Extracted data entries
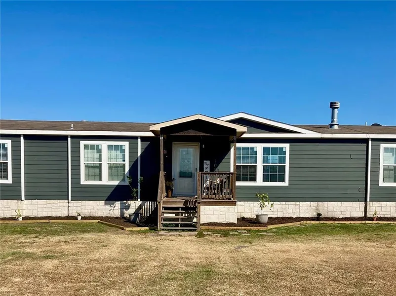 Welcome to this country retreat on 5.484 acres of unrestricted land. Minutes away from the city life. Move-in Ready. Double wide manufactured home. This home has a open floor plan with split bedrooms, 2 living spaces, a separate laundry, and office. Walk in Pantry. Beautiful kitchen with plenty of room for everyone at the 8 ft island. Great for entertaining. Primary room has walk in closet, double sinks and spa tub. Enjoy the sunsets. Bring the animals, there is room for all. RV hook up does not convey.
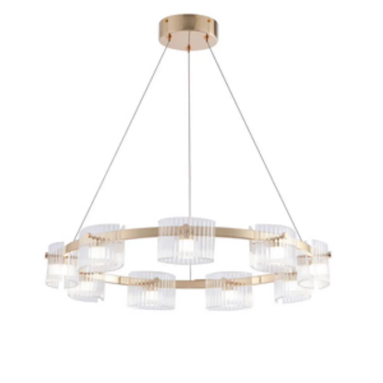 Подвесная люстра диаметром 62 см с прозрачными рифлеными плафонами, каждый из которых состоит из двух слегка выгнутых стекол, закрепленных на заклепка
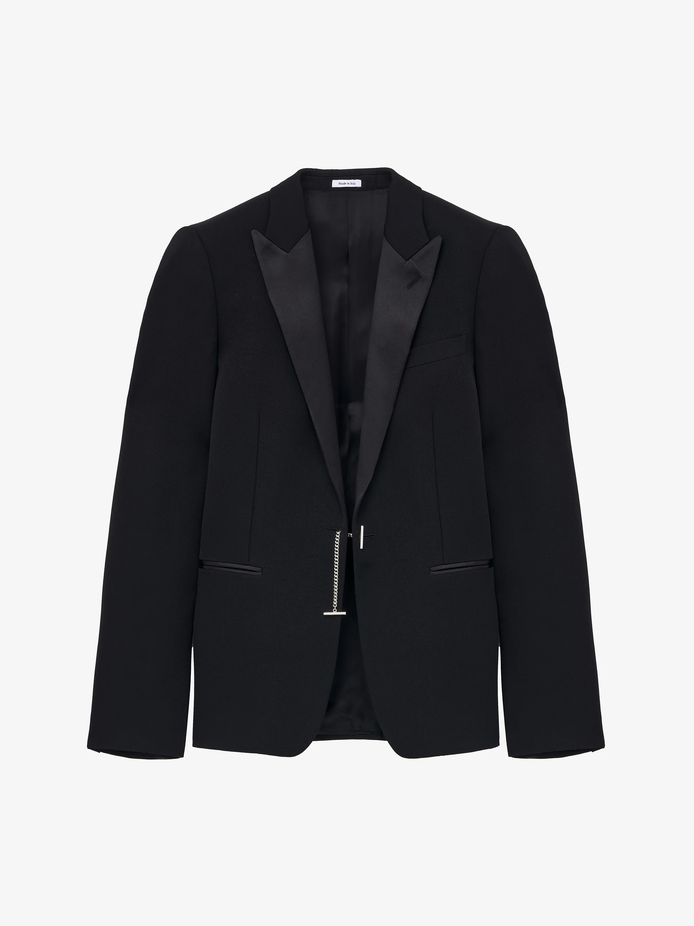 Single-breasted jacket in black wool barathea. Peak lapels, chest pocket and two jet pockets. Finished with a T-bar chain front closure. Complete the look with the matching trousers. Product details - Peak lapels - Side flap pockets - Single button fastening - Made with certified wool yarn - Product code: 822415QVAAA1000 - Made in Italy - Material: Wool
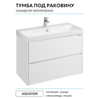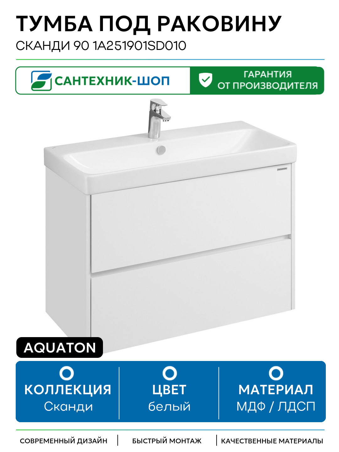 Тумба под раковину Aquaton Сканди 90 1A251901SD010 выполнена в популярном минималистичном скандинавском стиле. Корпус тумбы для ванной выполнен из влагостойкой ЛДСП в белой матовой покраске, а фасады в белой глянцевой покраске. Конструктивно тумба состоит из 2 вместительных ящиков, установленных на направляющие с интегрированной системой push-to-open (нажми и открой) для комфортного использования. На тумбе нет выступающих деталей и фурнитуры, открытие ящиков реализовано нажатием на фасад. Тумбу по желанию можно использовать в двух вариантах: как подвесную или дополнительно приобрести опоры
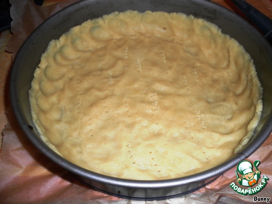 Сметану, 50 г сахара, растопленый шоколад и 2 яйца смешать. Тесто раскатать и выложить в форму, края прижать, дно наколоть вилкой.
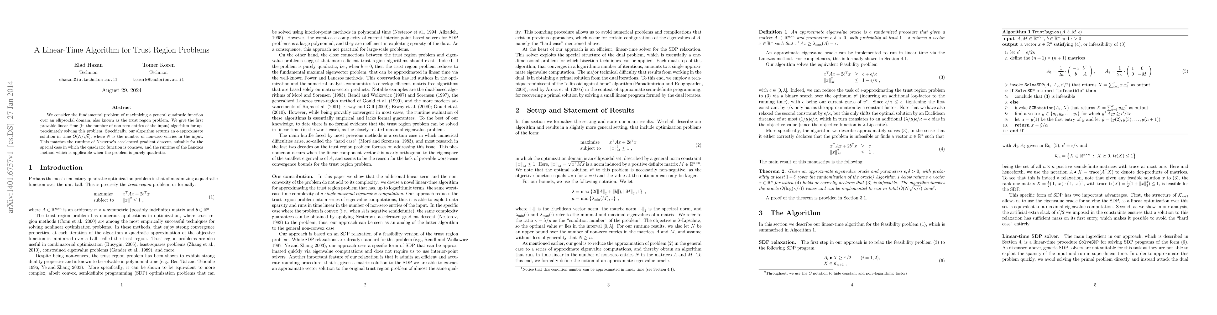 We consider the fundamental problem of maximizing a general quadratic function over an ellipsoidal domain, also known as the trust region problem. We give the first provable linear-time (in the number of non-zero entries of the input) algorithm for approximately solving this problem. Specifically, our algorithm returns an $\epsilon$-approximate solution in time $\tilde{O}(N/\sqrt{\epsilon})$, where $N$ is the number of non-zero entries in the input. This matches the runtime of Nesterov's accelerated gradient descent, suitable for the special case in which the quadratic function is concave, and the runtime of the Lanczos method which is applicable when the problem is purely quadratic.
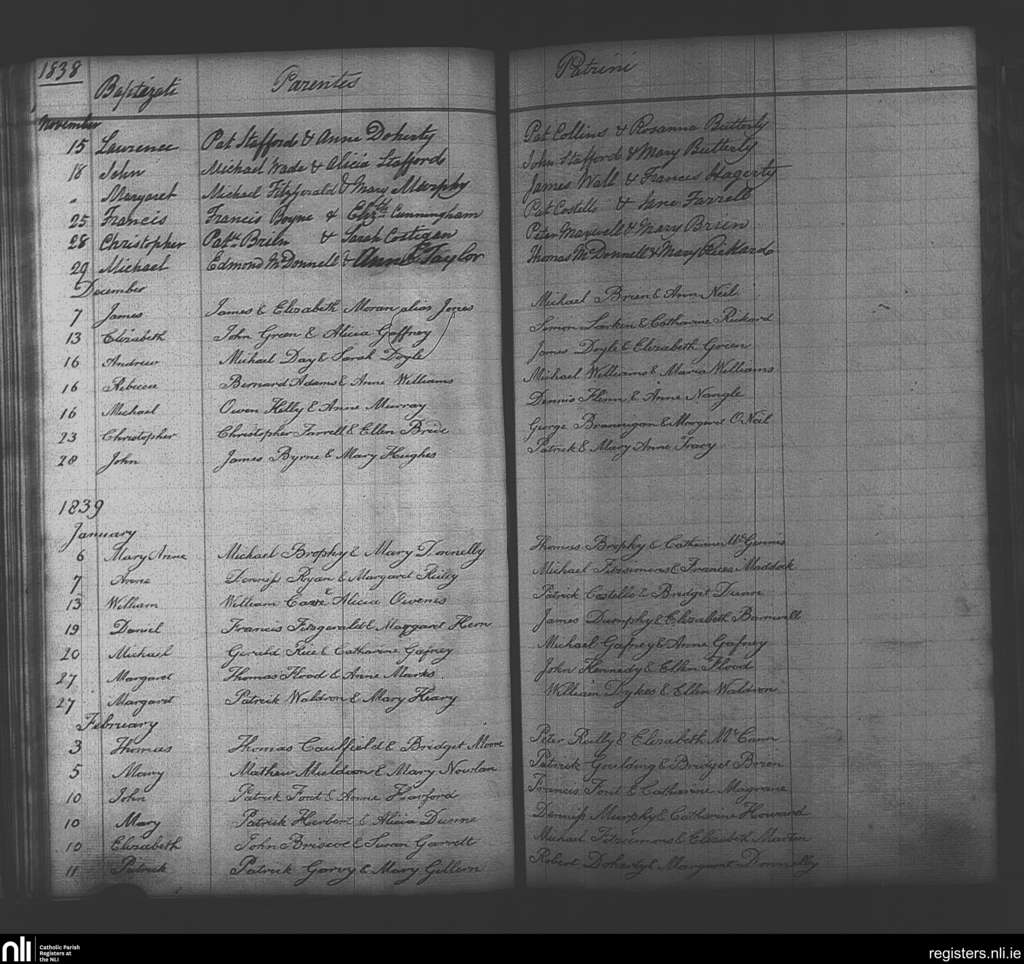 Howth; County of Dublin; Archdiocese of Dublin. Baptisms, Nov. 1853 to Dec. 1853

> **Your assignment**
Return only the part above that opens with the line containing "Подвесная люстра диаметром" and closes with the line containing "Single-breasted jacket in", exactly and with both ends, skipping the pictures.

> **Output for this task**
 Подвесная люстра диаметром 62 см с прозрачными рифлеными плафонами, каждый из которых состоит из двух слегка выгнутых стекол, закрепленных на заклепка
 Single-breasted jacket in black wool barathea. Peak lapels, chest pocket and two jet pockets. Finished with a T-bar chain front closure. Complete the look with the matching trousers. Product details - Peak lapels - Side flap pockets - Single button fastening - Made with certified wool yarn - Product code: 822415QVAAA1000 - Made in Italy - Material: Wool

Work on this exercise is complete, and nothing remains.